▶ _WHAT THE EXERCISE ASKS_: Reproduce only this stretch of the listing below: from the line with "CUPSHE Women’s Bikini" through the line with "Buca’nın hatta İzmir’in", exactly as written, with pictures excluded.

▶ _STUDY MATERIAL_:
################

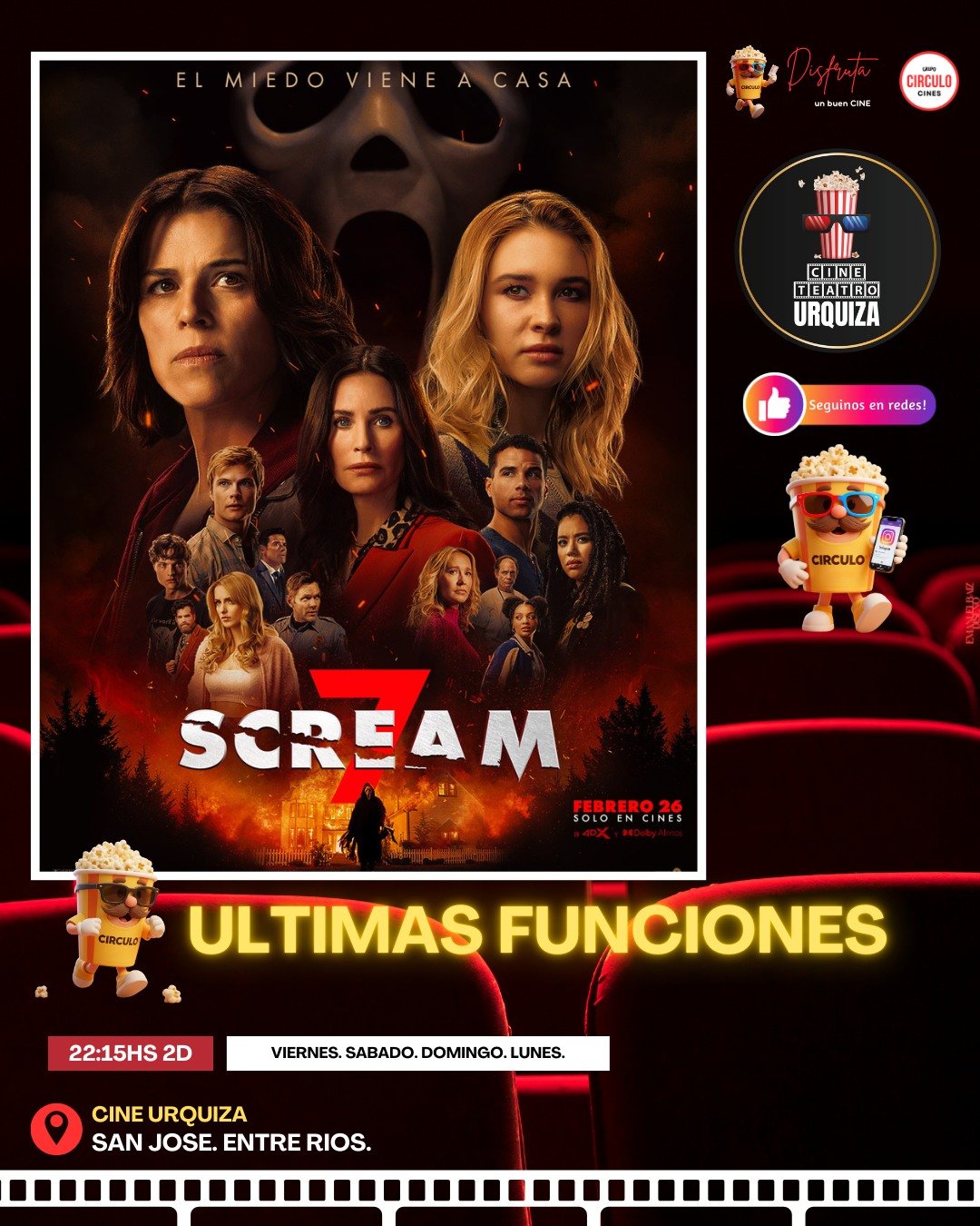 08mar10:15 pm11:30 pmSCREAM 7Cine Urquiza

################

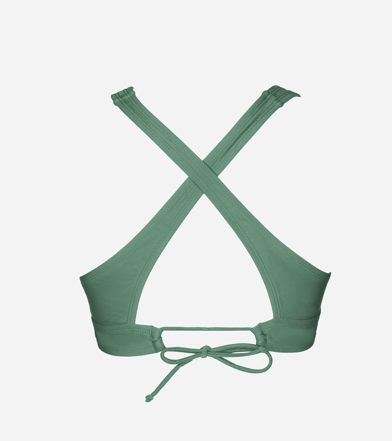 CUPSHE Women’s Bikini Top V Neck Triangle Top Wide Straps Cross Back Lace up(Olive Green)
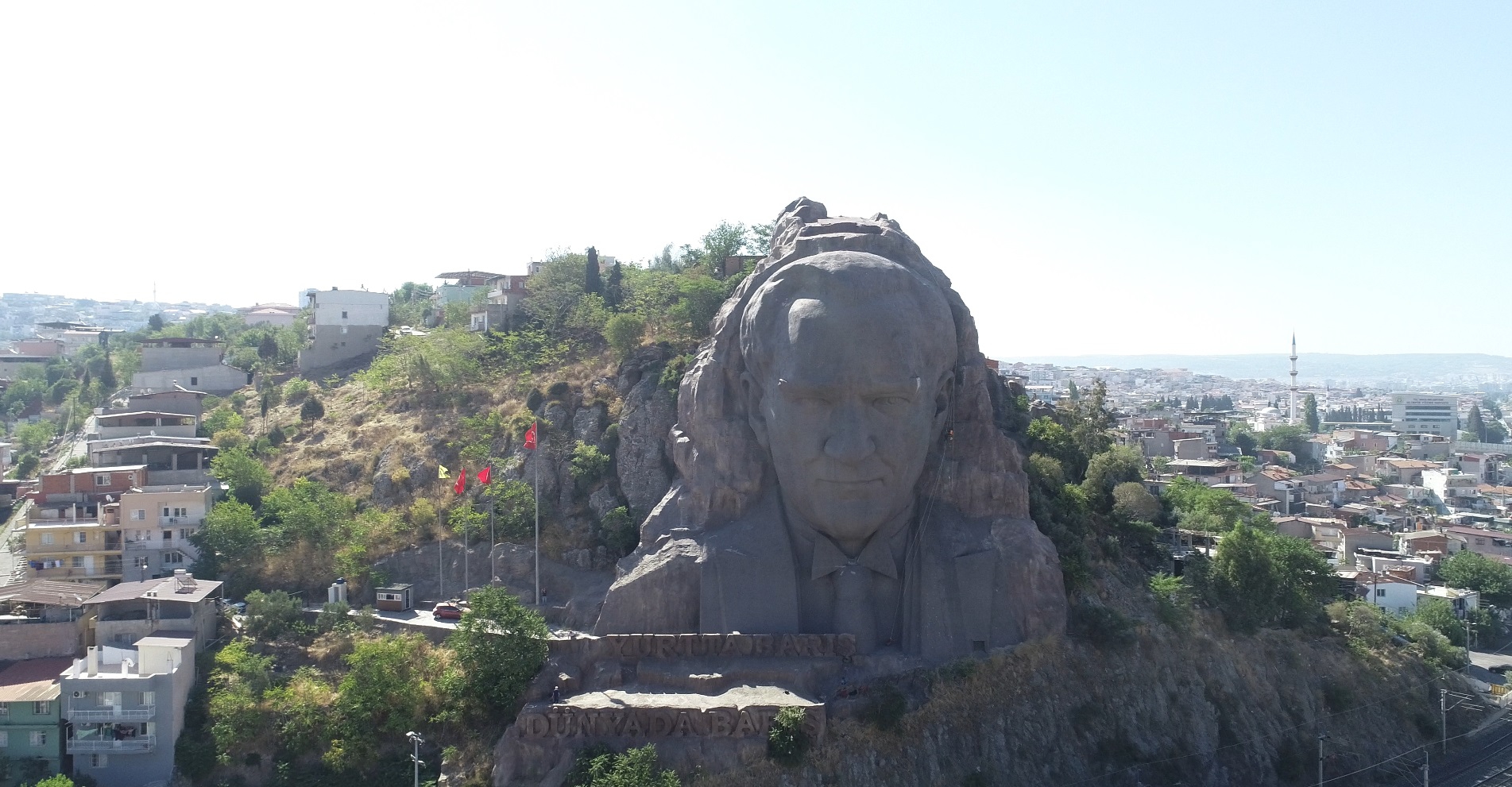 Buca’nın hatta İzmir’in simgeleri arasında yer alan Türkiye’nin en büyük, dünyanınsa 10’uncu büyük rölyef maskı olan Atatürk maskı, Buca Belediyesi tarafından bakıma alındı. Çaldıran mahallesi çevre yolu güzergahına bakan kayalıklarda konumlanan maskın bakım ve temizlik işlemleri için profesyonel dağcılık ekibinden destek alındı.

################

▶ _EXERCISE ANSWER_:
 CUPSHE Women’s Bikini Top V Neck Triangle Top Wide Straps Cross Back Lace up(Olive Green)
 Buca’nın hatta İzmir’in simgeleri arasında yer alan Türkiye’nin en büyük, dünyanınsa 10’uncu büyük rölyef maskı olan Atatürk maskı, Buca Belediyesi tarafından bakıma alındı. Çaldıran mahallesi çevre yolu güzergahına bakan kayalıklarda konumlanan maskın bakım ve temizlik işlemleri için profesyonel dağcılık ekibinden destek alındı.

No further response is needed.